Whenever people agree to meet together to discuss work it seems to provoke deep anxiety about how to do it. To a certain extent this is well motivated: as a matter of mutual respect, it is worthwhile reflecting on what there might be to talk about and to come prepared. Participants in the meeting, particularly those with greater responsibility for organising it, want to be able to ‘use the time well.’ There is often a fear that not planning things in detail will look ‘unprofessional’, or that not mapping out all of the time will ‘open a can of worms’.

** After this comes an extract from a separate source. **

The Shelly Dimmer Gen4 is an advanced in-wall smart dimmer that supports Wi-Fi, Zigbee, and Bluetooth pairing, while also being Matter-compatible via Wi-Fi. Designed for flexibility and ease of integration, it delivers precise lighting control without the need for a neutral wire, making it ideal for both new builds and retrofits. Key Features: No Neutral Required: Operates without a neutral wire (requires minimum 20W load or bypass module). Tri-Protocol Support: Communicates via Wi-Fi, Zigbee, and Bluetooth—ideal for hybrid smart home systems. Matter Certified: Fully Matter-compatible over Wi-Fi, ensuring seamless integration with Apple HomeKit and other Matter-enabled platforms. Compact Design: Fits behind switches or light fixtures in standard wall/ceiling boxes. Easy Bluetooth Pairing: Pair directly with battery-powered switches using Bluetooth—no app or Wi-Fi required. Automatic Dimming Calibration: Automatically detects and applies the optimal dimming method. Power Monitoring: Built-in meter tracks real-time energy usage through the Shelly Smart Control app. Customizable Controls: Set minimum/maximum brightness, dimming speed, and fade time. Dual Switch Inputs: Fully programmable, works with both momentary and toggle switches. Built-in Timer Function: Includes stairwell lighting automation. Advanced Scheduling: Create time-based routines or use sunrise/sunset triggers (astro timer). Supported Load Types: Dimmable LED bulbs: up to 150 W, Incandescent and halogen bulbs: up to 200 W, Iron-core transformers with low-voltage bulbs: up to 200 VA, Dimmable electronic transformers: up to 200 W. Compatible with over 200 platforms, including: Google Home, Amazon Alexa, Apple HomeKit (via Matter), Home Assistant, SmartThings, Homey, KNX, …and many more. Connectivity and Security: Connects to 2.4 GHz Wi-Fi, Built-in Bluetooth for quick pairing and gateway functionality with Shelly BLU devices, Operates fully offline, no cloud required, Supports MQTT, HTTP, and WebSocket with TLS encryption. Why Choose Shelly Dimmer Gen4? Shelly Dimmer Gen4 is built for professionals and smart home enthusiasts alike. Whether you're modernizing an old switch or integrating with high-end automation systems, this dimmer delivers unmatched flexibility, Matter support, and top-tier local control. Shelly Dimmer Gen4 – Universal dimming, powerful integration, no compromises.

‘Making good use of the time’, then, sometimes leads to over-planning, trying to map out how the meeting should go in highly detailed ways, sometimes by setting objectives for each session of the meeting and trying to tie things down to the minute. This arises from a linear, instrumentalised understanding of time and the presumption that thought precedes action. There is a assumption that we can anticipate, as we plan the meeting together here and now, how things will unfold at some point in the future and that our thinking today is adequate for the situation we will encounter when we meet together. Sometimes so much effort is put into ‘structuring’ the meeting, with games, presentations, ‘feedback sessions’ and the other appurtenances of workshops and extended meetings that we have all become accustomed to using, that most metings will have very little opportunity for evolving in unexpected ways. The ‘structure’ prevents it happening, and the meetings do indeed unfold according to the plan with spontaneous and important discussions breaking out in the coffee and lunch breaks instead. This is particularly ironic when people are coming together to discuss how they might work differently, or how they might adapt to new and emerging circumstances. They try and contemplate the new in very habituated ways.

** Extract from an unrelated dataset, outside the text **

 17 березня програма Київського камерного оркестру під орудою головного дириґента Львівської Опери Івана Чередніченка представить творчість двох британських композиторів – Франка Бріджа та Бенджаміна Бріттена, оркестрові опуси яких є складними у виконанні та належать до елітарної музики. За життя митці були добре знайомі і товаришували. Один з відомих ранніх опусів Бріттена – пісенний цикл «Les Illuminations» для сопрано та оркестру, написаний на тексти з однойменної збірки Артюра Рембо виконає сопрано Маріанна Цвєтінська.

I was recently in a meeting where we sat around a table and were subjected to Powerpoint presentation after presentation as a way of ‘discussing the work’. Of course, that’s the last thing we did, because there was very little time to discuss the work with the presentations taking up most of the time. One might say that what was needed was greater variety in the presentations, a different sort of organisation: more games, more ‘break-out sessions’. We could say, still, that we need to ‘use the time better’.
Suppose we think of time differently, though, not as a linear phenomenon, but as a cyclical process. Supposing, as St Augustine suggested, we are only ever in the present: the present of the past, the present of the future and the present of the present, the last of these the living present where we wrestle with all three. If we consider , if we could allow ourselves, that we are constantly reinterpreting the past in the expectation of the future, cyclically, then allowing time for this exploration in the living present, where spontaneous irruptions of the planned might allow for a different future to emerge from the one that we have been anticipating. If we could pay better attention to how we are thinking about how we think, rather than paying attention to our timetable and our objectives, maybe we could come to understand what we are doing differently.

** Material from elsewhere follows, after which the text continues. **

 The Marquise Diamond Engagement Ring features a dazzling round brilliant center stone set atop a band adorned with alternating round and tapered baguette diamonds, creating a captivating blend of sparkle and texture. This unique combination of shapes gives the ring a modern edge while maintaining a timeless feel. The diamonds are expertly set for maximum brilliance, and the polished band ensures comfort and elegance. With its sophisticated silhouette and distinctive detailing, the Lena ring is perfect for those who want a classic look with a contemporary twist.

This might suggest further instrumentalism, however, if we convince ourselves that we can plan into the programme refelection sessions where the radical insights will necessarily occur, a bit like thinking we can plan to spend ‘quality time’ with our partners or children. We still delude ourselves into thinking that we can manage time perfectly. Unfortunately, none of knows when this quality time will arise. Good quality discussion is a skilful practice that develops episodically between people in an environment where they can sustain both knowing and not knowing where the discussion might be heading. It is a risk – it may turn out that we have not ‘used the time well’. Tolerant of ambiguity, of undertaking planned activities with an expectation that important and unplanned things may arise as a consequence, skilful discussants are able to negotiate continuously how to go on together. They are aware that when we plan things together we are hit and miss.
Allowing for episodes of reflection, being alert to suggestions, irruptions, conflict and constantly interpeting important themes of conversation that are not necessarily present in our meeting plan could open the way up to all kinds of exploration of the new and the unexpected. Our meetings never unfold in a linear fashion, but emerge as we struggle with each other over what we think we are doing and who we are. In this struggle we come to understand ourselves, and what we are doing, differently, and unpredictably.
“We shall not cease from exploration and the end of all our exploring will be to arrive where we started and know the place for the first time.”